▼

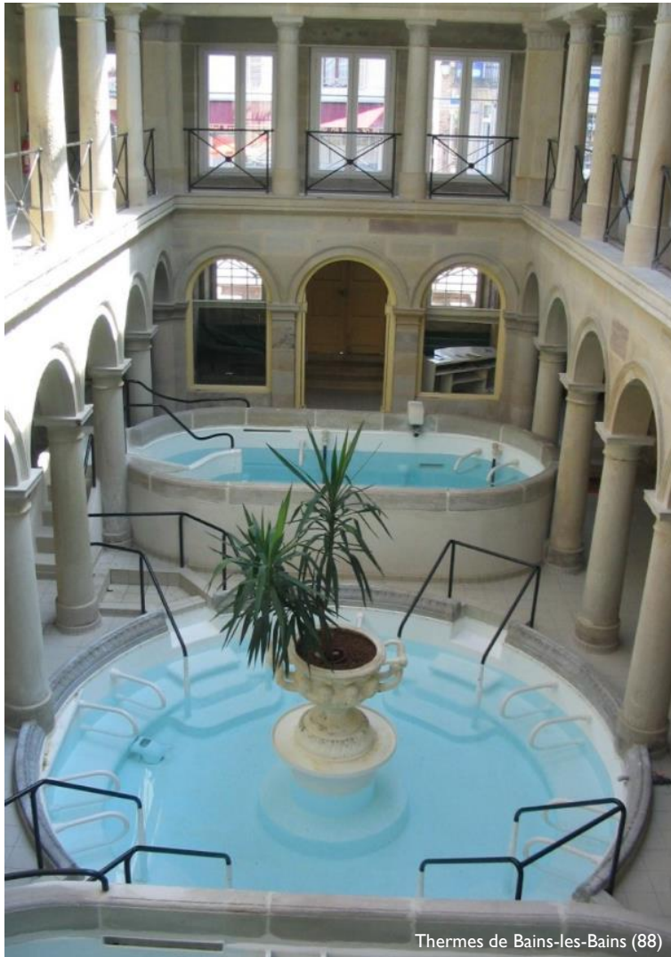
Thermes de Bains-les-Bains (88)
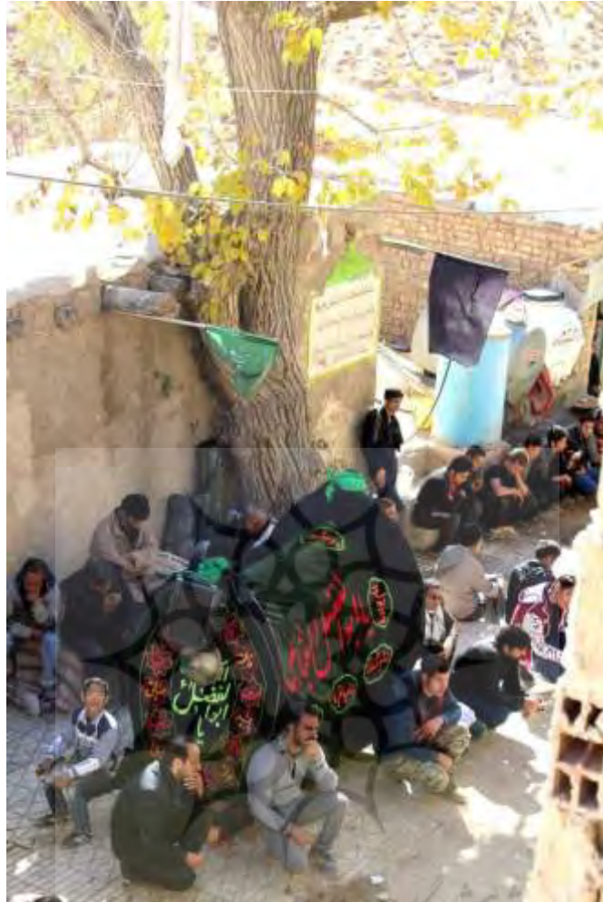
تصویر ۱۵: نخل روستای وش

در زیر نخل دو تیرک قرار دارد و برای حمل آن چهار نفر کفایت می‌کند. نخل را با نوای سنج و دهل و نوحه همراهی می‌کنند. مردان در پیش و زنان در پس آن هستند. جمعیتی حدود صد نفر ساده و بی‌آلایش.
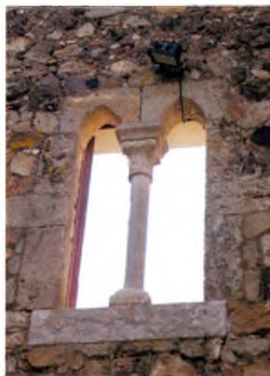
La finestra que dona al pati.

A La previsió és que la nova Oficina de Turisme de Caldes entri en funcionament al llarg del primer trimestre de 2011, encara que la complexitat i el cost dels treballs farà que les obres continuïn els propers anys. La fase actual del projecte consisteix, fonamentalment, en la consolidació de l'estructura d'un edifici molt mal·lès pel pas del temps. A mesura que avancin les actuacions, Cal Ferrer consolidarà la seva condició de centre neuràlgic de l'activitat del poble acollint, per exemple, un centre d'investigació de la cuina termal i una sala d'exposicions; a més, actuarà de nexa d'unió entre els edificis de l'antiga casa consistorial i la nova, connectats amb un pas elevat i acollint dependències com ara la sala de plens municipal i diversos despatsos.
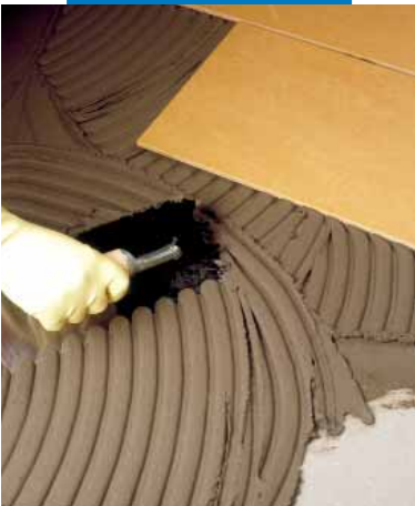
Verarbeiten von Elastorapid mittels Zahnkelle

Mit Elastorapid verlegte Beläge sind bereits nach 3 Stunden begehbar und nach
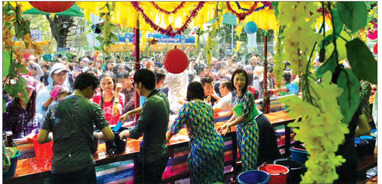
(၁၃)ကြိမ်မြောက် ရခိုင်ရိုးရာယဉ်ကျေးမှုသင်္ကြန်(ရန်ကုန်) ရေသဘင်ပွဲ ဆင်နွှဲနေစဉ်

သတင်း- မောင်စိန်လွင်(မြန်မာ့အလင်း)
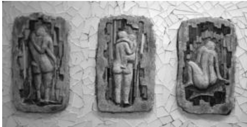
Zortzi artisten lanak bildu dituzte Aranburu jauregian. E. EZEIZA

Ekintza horiek, hurrengo hilabetetan Gipuzkoako beste herriak bisitatuko dituztenak, posibleak dira GIB/hiesaren gaiaren inguruko pertsona desberdinen, artisten, zinelarien eta adituen konpromisoari esker, epidemiak mundu mailan planteatzen dituen erron-
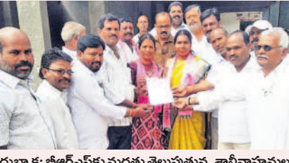
దుబ్బాక: బీఆర్ఎస్ కు మద్దతు తెలుపుతున్న శాలీవాహనులు

▲

» **Work order**
Show all lines from the records above where the word "Elastorapid" occurs.

» **Output below**
Verarbeiten von Elastorapid mittels Zahnkelle
Mit Elastorapid verlegte Beläge sind bereits nach 3 Stunden begehbar und nach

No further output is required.